Data processing: artificial intelligence – Machine learning
Reexamination Certificate
1998-04-06
2001-12-04
Powell, Mark R. (Department: 2122)
Data processing: artificial intelligence
Machine learning
C706S014000, C706S020000, C706S062000
Reexamination Certificate
active
06327581
ABSTRACT:
COPYRIGHT NOTICE
A portion of the disclosure of this patent document contains material which is subject to copyright protection. The copyright owner has no objection to the facsimile reproduction by anyone of the patent document or the patent disclosure, as it appears in the Patent and Trademark Office file or records, but otherwise reserves all copyright rights whatsoever.

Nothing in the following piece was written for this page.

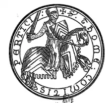 - Inspeximus by Roger de Quency [Quincy], Earl of Winchester, Constable of Scotland, of the grant by Agnes Neyrnut, Dame of Penitune [Peniton], daughter of Henry de Ponte Audemer, widow of Sir Richard Neyrnut, to the Prior and Canons of the Church of Saint John the Baptist of Sandelford [Sandleford], of lands, rents etc, in Westhildesleg [West Ilsley], and also of the advowson of the Church of the same place; and also of lands in Sutton, in Wolesham, and in Walingeford [Wallingford] for the maintenance of a Canon for the souls of herself, her husband, her father, and Matilda, her mother, and of William, her son, at a rental of one penny to herself. Witnesses to the original grant: Sir Nicholas de Henreth, Sheriff of Bercsyre [Berkshire], Sir Alan de Fernham, Sir Walter de Ripariis, Sir Peter de Etingedene, Sir William de Brutenoles, Kts, John Belet of Eneburne, Elias de Bagenore. Witnesses to inspeximus and confirmation: Sir Robert de Quency his brother, Ernaldus de Bosco, William de Bosco, Saher de St Andrews, Peter le Poter, Vrienus de St Peter, Alan de Farnham, Walter de Ripariis, Peter de Hetingdno, Richard de Henreth, Knights, Elias de Bagenore, Geoffrey de Wancy, John de Bruer, Robert de Turberuile, Henry de la Beche.[44]

§1. BACKGROUND OF THE INVENTION
§1.1 Field of the Invention
The present invention concerns classifying objects, and more specifically, classifying objects using support vector machines. In particular, the present invention concerns methods and apparatus for building (or training) such support vector machines.
§1.2 Related Art
§1.2.1 THE NEED FOR CLASSIFICATION/RECOGNITION
To increase their utility and intelligence, machines, such as computers for example, are requested to classify (or recognize) objects to an ever increasing extent. For example, computers may use optical character recognition to classify handwritten or scanned numbers and letters. Computers may use pattern recognition to classify an image, such as a face, a fingerprint, a fighter plane, etc. Computers may also use text classification techniques to organize documents or textual information into a hierarchy of predetermined classes for example.
§1.2.2 KNOWN CLASSIFICATION/RECOGNITION METHODS
In this section, some known classification and/or recognition methods are introduced. Further, acknowledged or suspected limitations of these classification and/or recognition methods are introduced. First, rule-based classification and/or recognition is discussed in §1.2.2.1 below. Then, classification and/or recognition systems which use both learning elements and performance elements in are discussed in §1.2.2.2.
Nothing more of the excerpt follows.